EXERCISE INSTRUCTIONS:
Would you print the lines below exactly, beginning at the line that has "細かい作業も丁寧に仕上げます。" and stopping after the line that has "段ボールで作った創造性あふれ"? Only those lines, and no pictures.

EXERCISE INPUT:

————

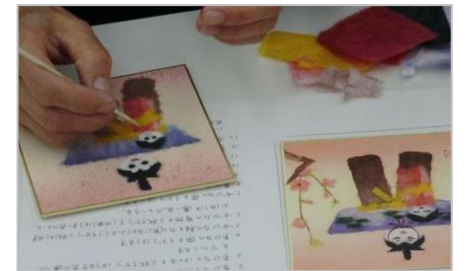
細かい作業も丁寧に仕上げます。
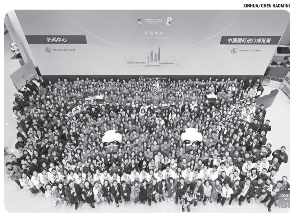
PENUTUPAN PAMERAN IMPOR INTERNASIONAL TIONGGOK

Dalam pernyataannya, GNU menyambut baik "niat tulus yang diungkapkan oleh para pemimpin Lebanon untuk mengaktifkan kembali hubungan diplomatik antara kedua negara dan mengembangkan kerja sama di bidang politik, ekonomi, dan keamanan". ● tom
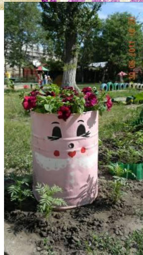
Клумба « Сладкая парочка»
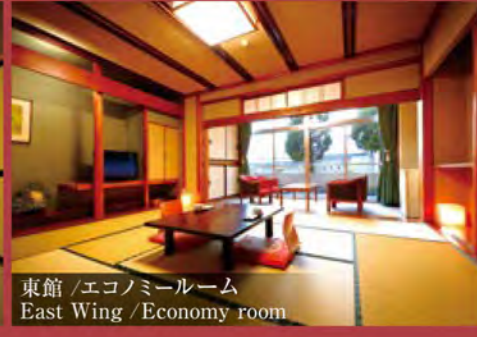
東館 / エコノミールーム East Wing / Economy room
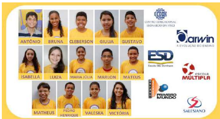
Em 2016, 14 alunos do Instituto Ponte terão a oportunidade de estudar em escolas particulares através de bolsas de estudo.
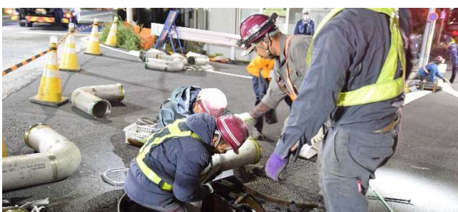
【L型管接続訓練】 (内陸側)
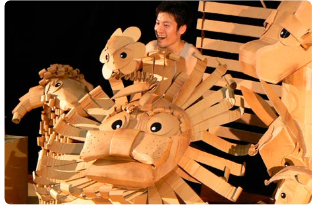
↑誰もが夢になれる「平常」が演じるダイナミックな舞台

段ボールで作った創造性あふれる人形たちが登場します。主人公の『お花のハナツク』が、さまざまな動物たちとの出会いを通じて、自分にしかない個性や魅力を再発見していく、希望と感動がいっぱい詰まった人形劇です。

————

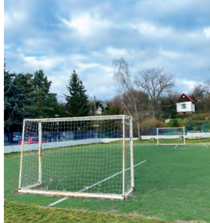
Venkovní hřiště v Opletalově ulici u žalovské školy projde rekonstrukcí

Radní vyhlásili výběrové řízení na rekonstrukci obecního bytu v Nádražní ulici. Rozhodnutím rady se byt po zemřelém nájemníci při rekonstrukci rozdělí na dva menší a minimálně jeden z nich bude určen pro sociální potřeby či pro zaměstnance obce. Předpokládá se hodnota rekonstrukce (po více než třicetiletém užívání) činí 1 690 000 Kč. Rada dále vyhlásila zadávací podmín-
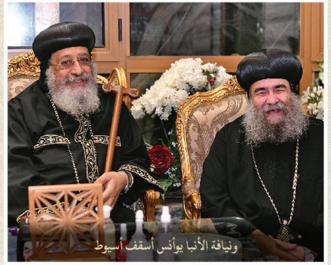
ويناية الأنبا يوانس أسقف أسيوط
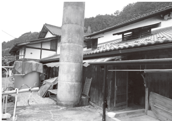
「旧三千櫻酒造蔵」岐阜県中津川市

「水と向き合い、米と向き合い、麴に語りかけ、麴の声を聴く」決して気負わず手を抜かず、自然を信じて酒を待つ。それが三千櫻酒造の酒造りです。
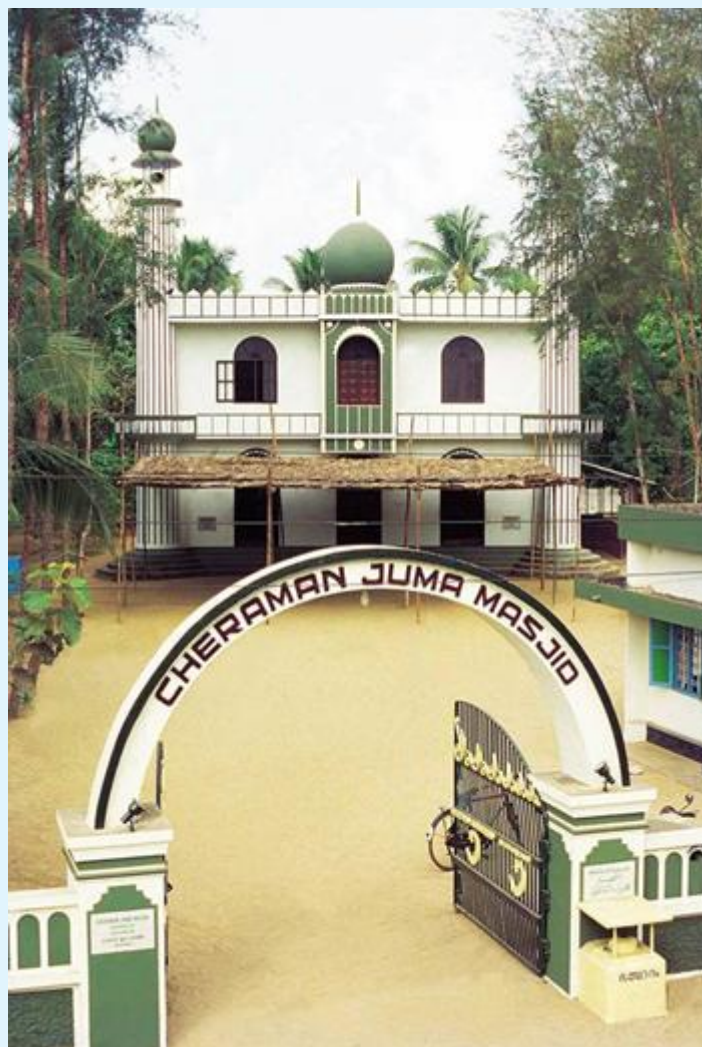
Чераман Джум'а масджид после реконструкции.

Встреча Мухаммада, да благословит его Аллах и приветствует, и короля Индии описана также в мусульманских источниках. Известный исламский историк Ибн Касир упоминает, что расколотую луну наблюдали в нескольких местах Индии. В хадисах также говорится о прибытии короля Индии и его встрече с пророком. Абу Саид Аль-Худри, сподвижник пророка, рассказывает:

————

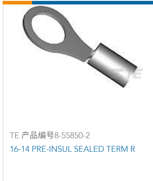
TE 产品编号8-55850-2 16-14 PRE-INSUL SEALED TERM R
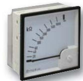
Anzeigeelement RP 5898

————

RESULT:
細かい作業も丁寧に仕上げます。
PENUTUPAN PAMERAN IMPOR INTERNASIONAL TIONGGOK

Dalam pernyataannya, GNU menyambut baik "niat tulus yang diungkapkan oleh para pemimpin Lebanon untuk mengaktifkan kembali hubungan diplomatik antara kedua negara dan mengembangkan kerja sama di bidang politik, ekonomi, dan keamanan". ● tom
Клумба « Сладкая парочка»
東館 / エコノミールーム East Wing / Economy room
Em 2016, 14 alunos do Instituto Ponte terão a oportunidade de estudar em escolas particulares através de bolsas de estudo.
【L型管接続訓練】 (内陸側)
↑誰もが夢になれる「平常」が演じるダイナミックな舞台

段ボールで作った創造性あふれる人形たちが登場します。主人公の『お花のハナツク』が、さまざまな動物たちとの出会いを通じて、自分にしかない個性や魅力を再発見していく、希望と感動がいっぱい詰まった人形劇です。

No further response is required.